START RECORDS SHOWN
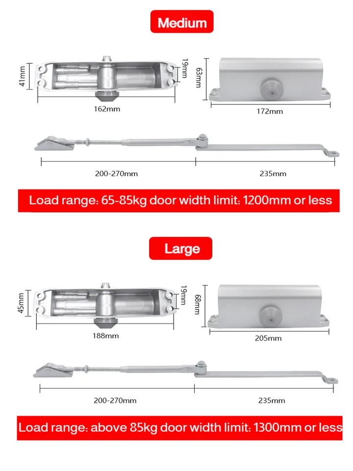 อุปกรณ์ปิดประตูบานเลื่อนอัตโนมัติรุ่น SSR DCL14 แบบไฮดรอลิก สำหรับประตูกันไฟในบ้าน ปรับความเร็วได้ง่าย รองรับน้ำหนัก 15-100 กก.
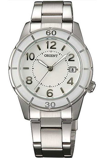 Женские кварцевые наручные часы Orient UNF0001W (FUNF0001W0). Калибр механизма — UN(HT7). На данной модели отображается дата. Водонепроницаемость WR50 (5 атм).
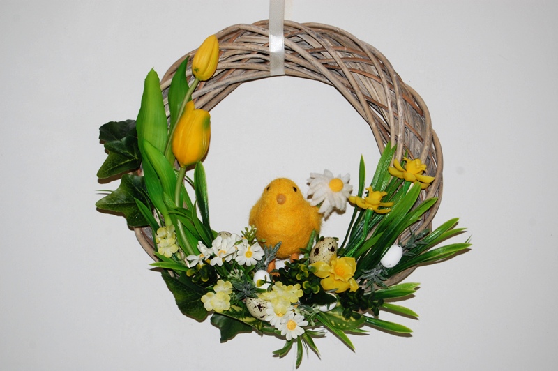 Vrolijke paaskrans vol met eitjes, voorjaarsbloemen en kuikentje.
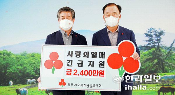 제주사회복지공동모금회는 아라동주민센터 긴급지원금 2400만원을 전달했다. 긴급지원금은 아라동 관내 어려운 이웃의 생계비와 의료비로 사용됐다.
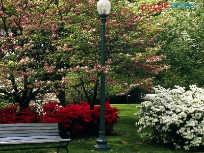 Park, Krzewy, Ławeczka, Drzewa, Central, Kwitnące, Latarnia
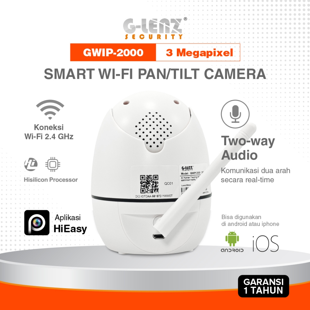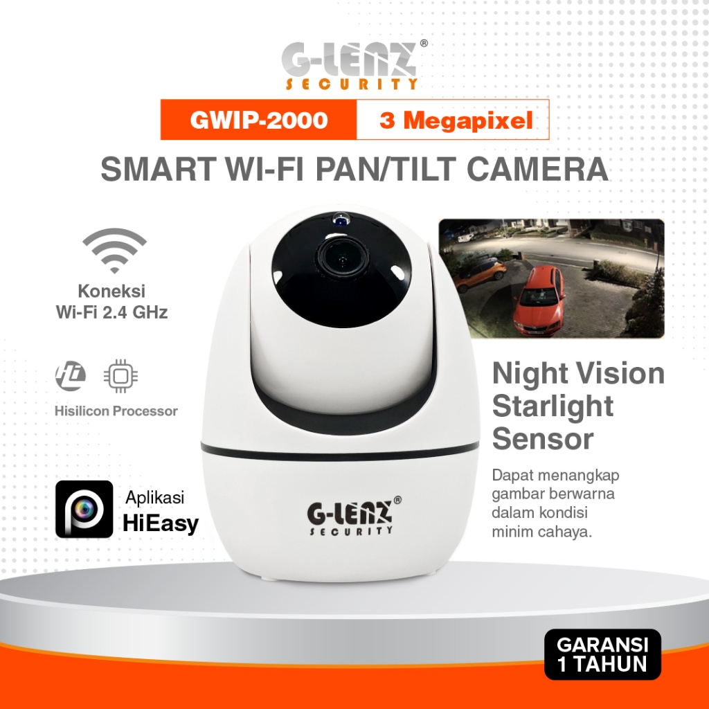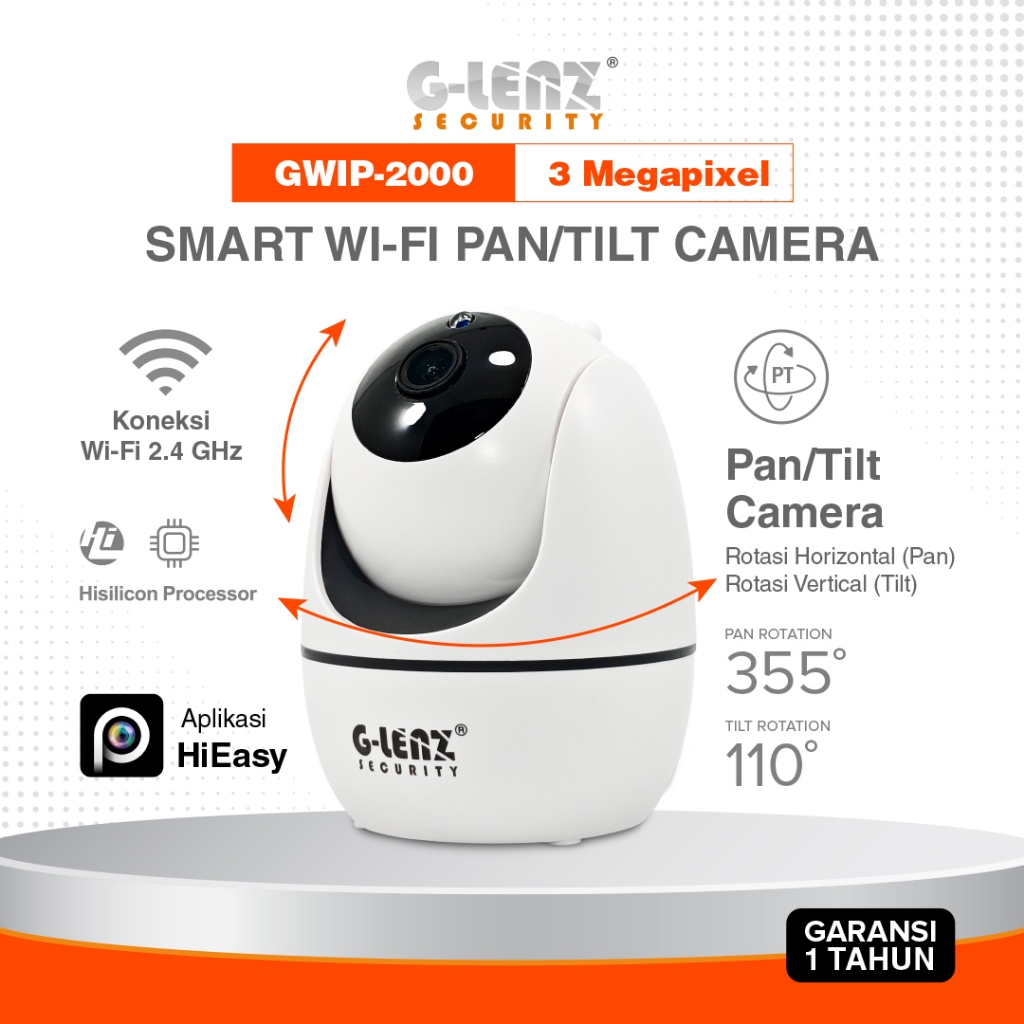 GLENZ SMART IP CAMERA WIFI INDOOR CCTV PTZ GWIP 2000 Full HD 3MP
END RECORDS SHOWN
■ **YOUR OBJECTIVE**
Exclude all pictures and reproduce verbatim the lines running from the line that contains "Park, Krzewy, Ławeczka, Drzewa, Central, Kwitnące, Latarnia" to the end of the data above, both ends included.

■ **ANSWER TO THE PROBLEM**
 Park, Krzewy, Ławeczka, Drzewa, Central, Kwitnące, Latarnia
 GLENZ SMART IP CAMERA WIFI INDOOR CCTV PTZ GWIP 2000 Full HD 3MP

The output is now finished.